If that customer asks you to pick up a broom and put down your laptop, why wouldn’t you just shrug and do what you’re told?

2) You want to sell your time (all of it)

You have time. Tons of time. It’s practically worthless given there is so much of it to go around.

If that customer doesn’t like the hourly rate you put in front of them, no big deal. Just chop it in half. You can always make time; right?

The time you reserved for your family in the evening, you’ll just use that to fit in a few more hours of work. Work is billable, family is not. No brainer.

Weekends? Who needs them?! You could be billing your customers to sweep their floors even if you’ve finished the work they originally requested.

3) You love having an income ceiling

You’ve done the math. You have 52-weeks and 40-hours per week. From there you can extrapolate out your potential income, assuming you can sell every hour. Plus, hours come cheap so you can just work longer. Easy.

When you get better at delivering customer solutions, you can raise your rates. Customers won’t push back. They wouldn’t dare ask you to charge less if you only need a fraction of the time you used to take.

But, if they do, you can always pad your hours. Why should you make less because you are now more efficient; right? You still represent the same “value” you originally did earlier on.

Ethics? Who needs them! Move along; nothing to see here.

4) You don’t care about the outcome

Outcome? Who said anything about an outcome? You’re here to get paid. If you show up and put time in, you deserve to make some coin.

Want to hear a joke? Customers really want results.

I know, right?! It’s not your fault if things don’t work out. No guarantees. All you offer is a good ol’ college try. No warranties.

Time spent means money earned. Screw outcomes. Those are for hippies.

5) Low margins are your “thing”

Figuring out your hourly rates is easy. You start with your costs (fixed and variable) and then add a margin on top of that. Bingo. Done.

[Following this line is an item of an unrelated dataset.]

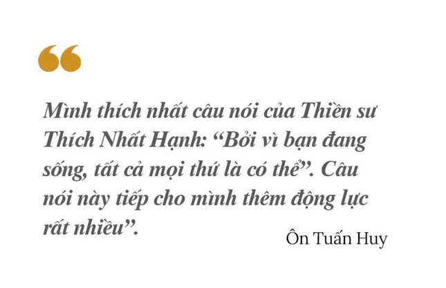 Tuấn Huy bảo: “Niềm vui tiếp đến là mình đã chứng minh cho mọi người thấy được mình đã dám mơ và đã thực hiện được. Mình muốn nhắn gửi đến mọi người, đừng bỏ cuộc, khi mình có ước mơ, có hy vọng, phía trước luôn có con đường và hạnh phúc”.

Of course, you’ll sell all your hours. Plus, if you don’t, that’s what “margin” is for anyways. Duh. You’re totally safe.

You don’t care that your customer is going to save $2 million on the work you’re billing them $50k for. Not even if they would have agreed to share in the savings where you could have claimed 10% of that savings ($200k). I mean they would have expected results and you’re all about “effort”.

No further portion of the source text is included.